Adapted from Colm Toibin’s novel, Saiorse Ronan stars as Eilis Lacey, a young ambitious Irish woman with few prospects beyond working in the local village grocers, where the bitter-tongued owner (Brid Brennan) gives her a difficult time. Ellis’ sister Rose (Glascott), already marked by an illness, is saintly enough to forego the opportunity to emigrate and stays to look after their widowed mother (Jane Brennan), while Eilis sails to the New World and New York.
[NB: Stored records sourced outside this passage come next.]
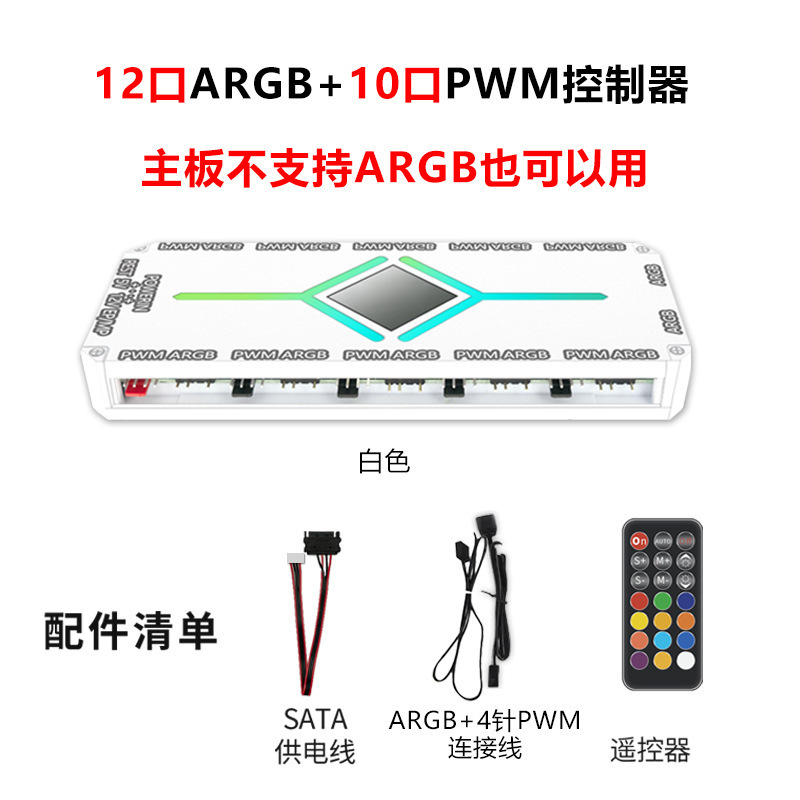• 허브 흰색 12포트 ARGB+10포트 PWM 컨트롤러+리모컨
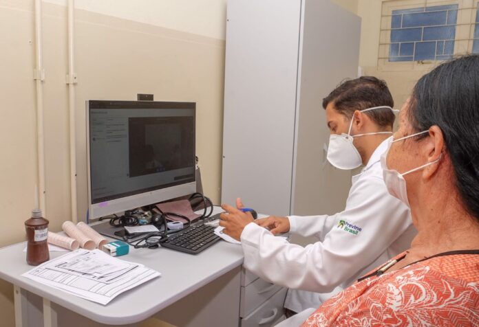 Médico da unidade de saúde durante atendimento a paciente com suporte do especialista. (Foto: Karine Matos/PMCG)
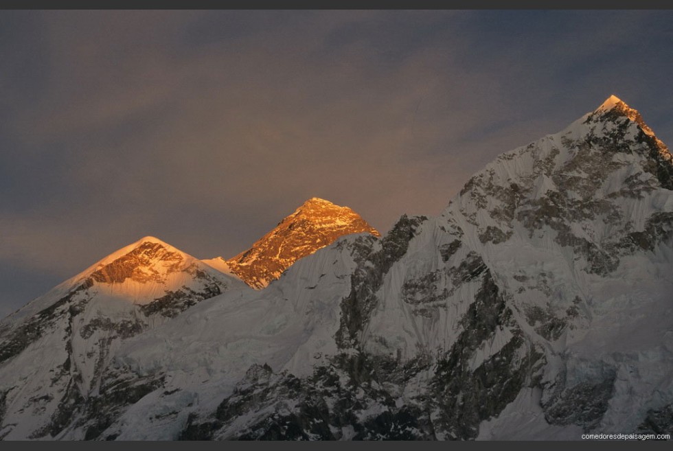 Apesar de estarmos cada vez mais alto, os olhos continuam a ser irremediavelmente atraídos para o céu. Um paraíso de montanhas agrestes e inóspitas, pintadas de branco, desenrola-se diante de nós. É inútil declinar nomes de lugares, aldeias, rios: a neve cobriu tudo com um manto branco homogéneo. Só os cumes sobressaem: as flautas de gelo do monte Lotse, a magnífica bossa do Ama Dablam, o longínquo Cho Oyu. Afinal, o Evereste só é a montanha mais alta do mundo por escassas dezenas ou centenas de metros – à nossa volta, quase todas ultrapassam os sete mil e quase todas são mais bonitas que aquela pirâmidezinha modesta, que só se avista acima dos cinco mil metros, do cimo do Kala Pattar ou do Gokyo Ri. Desses cumes, a visão é prodigiosa e abrange glaciares, lagos, vales escondidos por trás de montanhas e até algumas avalanches, que explodem em apoteose pela encosta abaixo, levantando nuvens de neve de um branco azulado. O dia começa com o sol a escorrer pelas vertentes, e termina com o acender de picos cor de fogo sobre um céu quase negro. O resto é caminho.
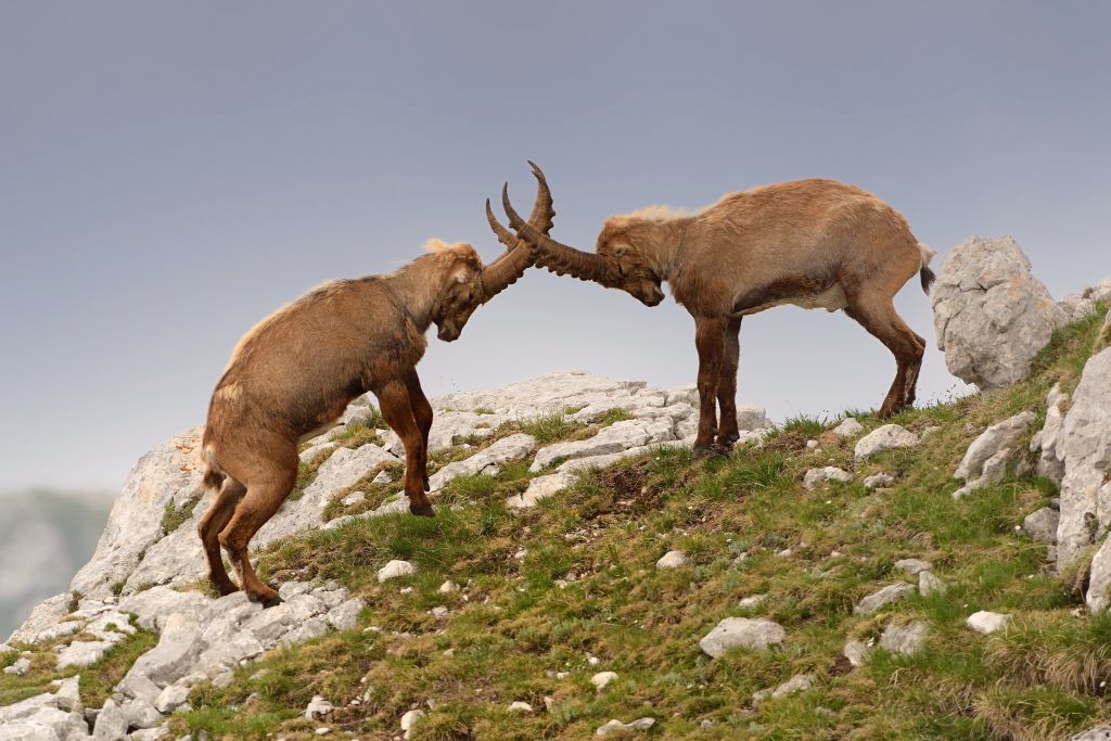 Alpski kozorog je rjavkasto-sive barve. Živi na strmih pobočjih v bližini snežne meje.
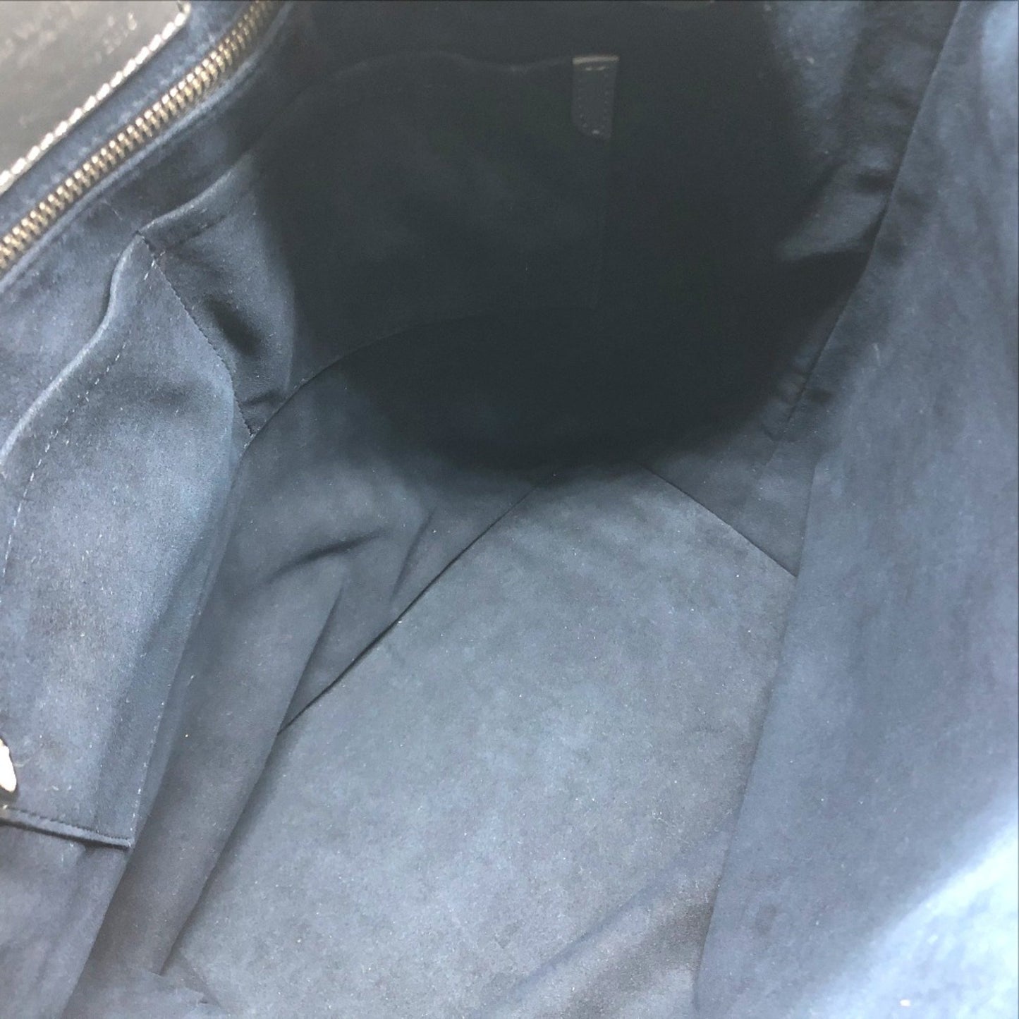 The exterior of the bag shows slight shape distortion, scuffing, slightly worn corners and lightly rubbed handles. Inside, there are a few small stains.

In Brooklyn, Ellis finds a home in the boarding house of Ma Kehoe (Walters), who supports the newcomer, appreciating her classy naivety. The local Catholic priest (Broadbent), also keeps an eye on her, financing her evening studies in bookkeeping as things fall into place. Falling in love with an Italian plumber Tony, Eilis starts to blossom in her new home. But after a family tragedy she travels back to Ireland, where he sophisticated and confidence impresses the locals and upper-class Rugby player Domhnall Gleeson (Farrell). No longer a one-trick pony, Eilis has to decide between two men and two continents.
Despite being shot in Montreal, BROOKLYN is truly at home in 1952: François Seguin’s sumptuous production design, on both sides of the Atlantic, is flawless. Hornby’s script reduces the story to moving moments between the lovers and the sisters, laced with occasional wit (Julie Walters provides this with aplomb). Even if we overlook the lack of references to the Korean War and the general climate of the Cold War, BROOKLYN goes for the saccharine. Young Eilis falls on her feet in a series of lucky breaks, surrounded by an army of kind souls. The standouts are Julie Walters as Ma Kehoe, Emory Cohen who sensitively evokes young love and Jenn Murray, as Dolores, the only sardonic young girl in the bunch. Positive Catholic values seep through in a world where everyone seems to be well-intentioned, only wanting the best for this ‘damsel in distress’. Her development from a shy teenager to the “Vogue look-alike” after her return from New York, is never really explained, but Ronan handles the part with considerable skill, transforming to a woman with the confidence supplied by Tony’s love. But the script does rather stretch the imagination back in Ireland where Domhnall’s posh family tries to enhance their son’s chances with Eilis, and a job in accounting is miraculously served to her on a plate.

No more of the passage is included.